I’ve started playing with the latest Sagitta image (1.4-rolling-202302110748) and deployed 2 containers successfully. Switching to a self-built 1.3 (build 20230214) image with container support I’m seeing the following error:

vyos@vyos:~$ show container
ERRO[0000] User-selected graph driver “overlay2” overwritten by graph driver “overlay” from database - delete libpod local files to resolve
CONTAINER ID IMAGE COMMAND CREATED STATUS PORTS NAMES
9e39684cb52e docker.io/ntop/ntopng:stable 15 hours ago Up 12 hours ago ntopng
23c79ffb3bb7 pihole 15 hours ago Up 15 hours ago pihole

This doesn’t seem to affect the containers themselves, all works fine.

However when creating a new container the commit fails:

Traceback (most recent call last):
File “/usr/libexec/vyos/conf_mode/container.py”, line 401, in
generate(c)
File “/usr/libexec/vyos/conf_mode/container.py”, line 343, in generate
run_args = generate_run_arguments(name, container_config)
File “/usr/libexec/vyos/conf_mode/container.py”, line 233, in generate_run_arguments
memory = container_config[‘memory’]
KeyError: ‘memory’

noteworthy:
cmd ‘podman image exists ntop/ntopng:stable’
returned (out):

returned (err):
time=“2023-02-15T12:16:18Z” level=error msg=“User-selected graph driver "overlay2" overwritten by graph driver "overlay" from database - delete libpod local files to resolve”
cmd ‘podman image exists pihole’
returned (out):

returned (err):
time=“2023-02-15T12:16:18Z” level=error msg=“User-selected graph driver "overlay2" overwritten by graph driver "overlay" from database - delete libpod local files to resolve”
cmd ‘podman image exists tailscale/tailscale’
returned (out):

returned (err):
time=“2023-02-15T12:16:18Z” level=error msg=“User-selected graph driver "overlay2" overwritten by graph driver "overlay" from database - delete libpod local files to resolve”

[[container]] failed
Commit failed

Switching back to Sagitta resulted in 1 key error and multiple warnings:

time=“2023-02-15T12:24:11Z” level=warning msg=“Switching default driver from overlay2 to the equivalent overlay driver”

The error was a KeyError:

Traceback (most recent call last):
File “/usr/libexec/vyos/conf_mode/container.py”, line 401, in
generate(c)
File “/usr/libexec/vyos/conf_mode/container.py”, line 343, in generate
run_args = generate_run_arguments(name, container_config)
File “/usr/libexec/vyos/conf_mode/container.py”, line 233, in generate_run_arguments
memory = container_config[‘memory’]
KeyError: ‘memory’

After adding memory, similar error happened with shared_memory and restart. After adding all 3 keys the container was created successfully.
I’m 100% certain I didn’t have to add those keys when creating the 2 initial containers.

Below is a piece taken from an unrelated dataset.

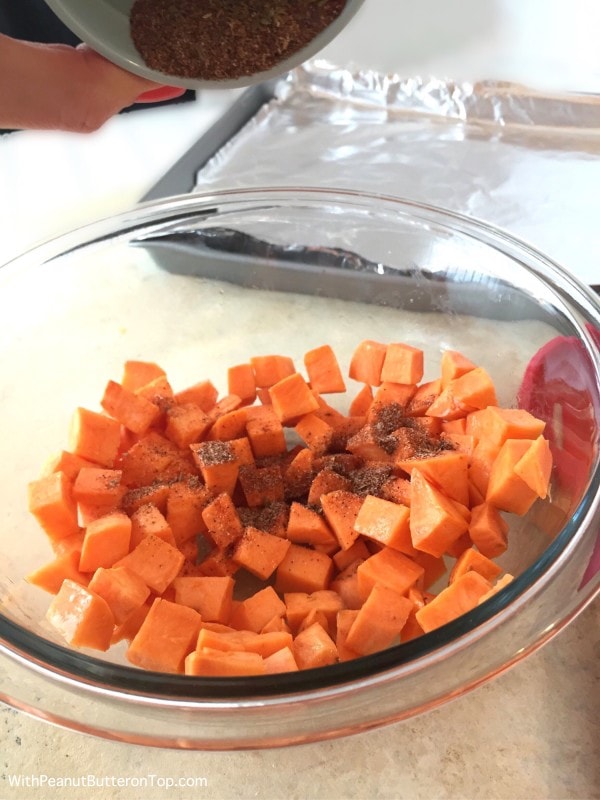 - Combine all seasonings into a small bowl and the sweet potato into a medium mixing bowl. Mix sweet potatoes with olive oil, tossing to coat.

I’m not super-familiar with VyOS yet but I thought except /config everything else is in the image so those 2 images shouldn’t affect each other?
Is there a need to reset the container “cache” or something similar and if yes, how to do so without reinstalling the whole system?

Viacheslav · February 15, 2023, 5:29pm

At least with busybox don’t have such issues

set container name busybox allow-host-networks
set container name busybox image 'busybox'

show container:

vyos@r1# run show container 
CONTAINER ID  IMAGE                             COMMAND  CREATED        STATUS            PORTS   NAMES
fb407c1580fd  docker.io/library/busybox:latest  sh       4 minutes ago  Up 4 minutes ago          busybox
[edit]
vyos@r1#

Did you downgrade 1.4 to 1.3 or 1.3 installs from scratch?
Could you share the container configuration?

mathias · February 15, 2023, 6:23pm

I added the 1.3 image and set default boot environment to it - I assume that’s what you mean with downgrade? If that’s not supported I apologize, I thought switching the image is basically replacing the whole system except /config.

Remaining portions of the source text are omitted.